Copy out the data from the line containing "TIRAGE PHOTOGRAPHIAUE marouflé" to its last line, exactly. No pictures.

* _DATA PROVIDED_
-*-

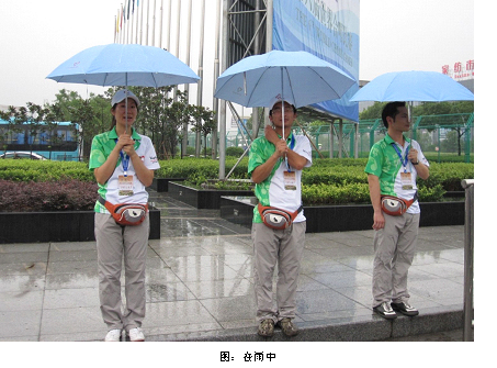 “傘,很多觀眾都沒帶,外面雨好大呀!”林隊長焦急地喊道:“同志們,考驗我們的時刻到了!”這時隊員們二話沒說,很快統(tǒng)一著雨披,手拿著傘,奔向雨中,給如常的觀眾撐傘。隊員們不厭其煩的在大雨中往返于檢票大門和場館安檢口之間,不知跑了多少個來回,直到把一個個觀眾安全地送進場館……我們痛并快樂著!
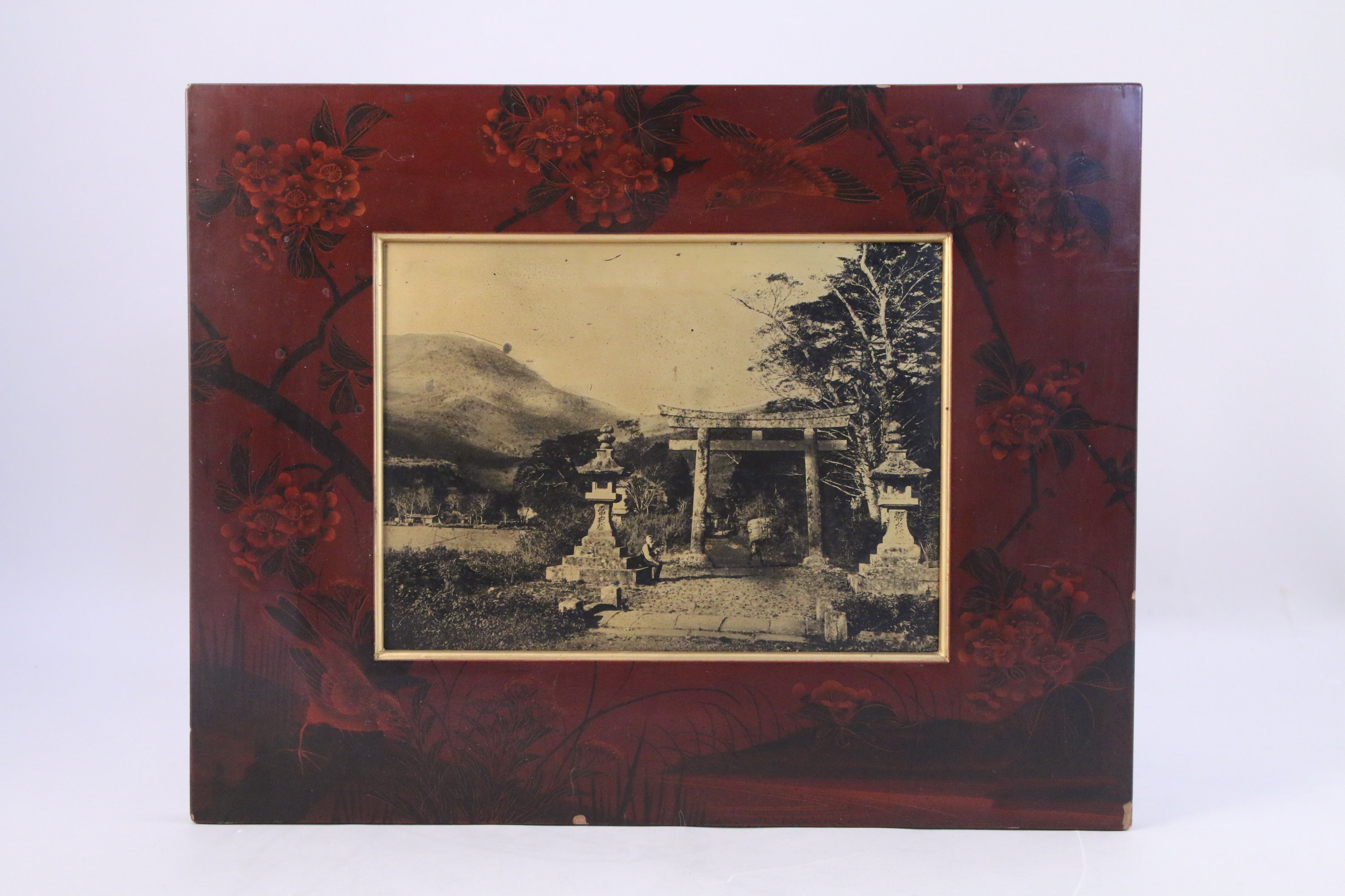 TIRAGE PHOTOGRAPHIAUE marouflé sur panneau de bois. Dans un encadrement laqué à décors d'oiseaux branchés.
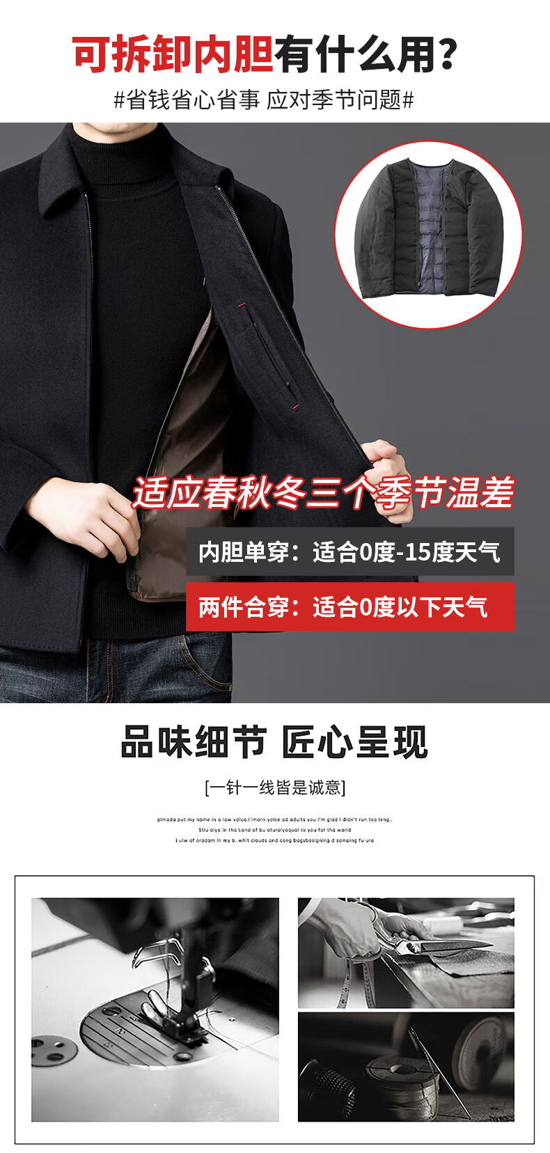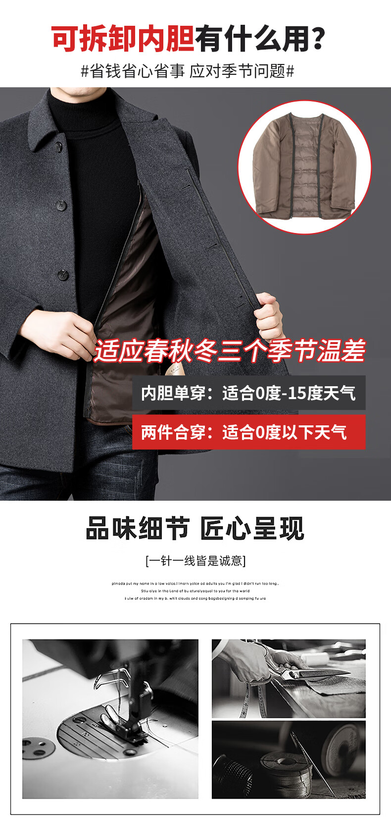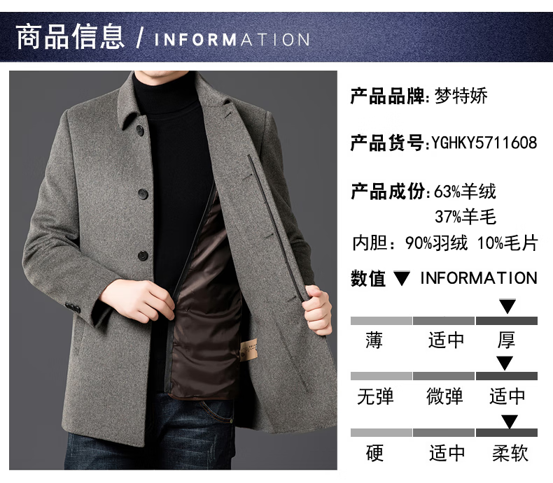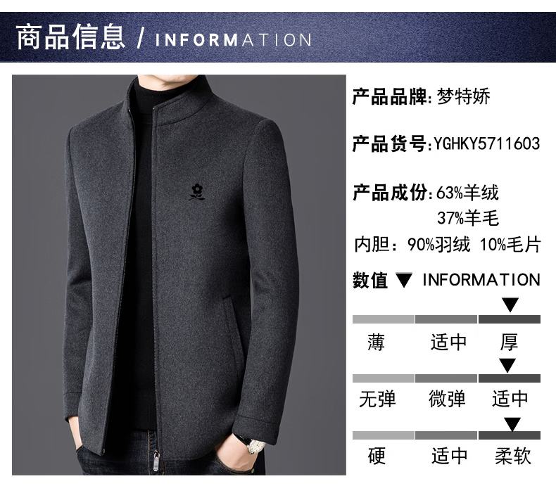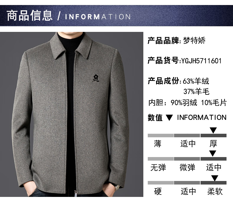 MONTAGUT double-sided cashmere coat for middle-aged and elderly men 2025 new winter down liner high-end thickened woolen woolen coat gray mid-length YGHKY5711608 L 175 Recommended 125Jin Jin is equal to 0.5kg -135Jin Jin is equal to 0.5kg

-*-

* _ANSWER AREA_
 TIRAGE PHOTOGRAPHIAUE marouflé sur panneau de bois. Dans un encadrement laqué à décors d'oiseaux branchés.
 MONTAGUT double-sided cashmere coat for middle-aged and elderly men 2025 new winter down liner high-end thickened woolen woolen coat gray mid-length YGHKY5711608 L 175 Recommended 125Jin Jin is equal to 0.5kg -135Jin Jin is equal to 0.5kg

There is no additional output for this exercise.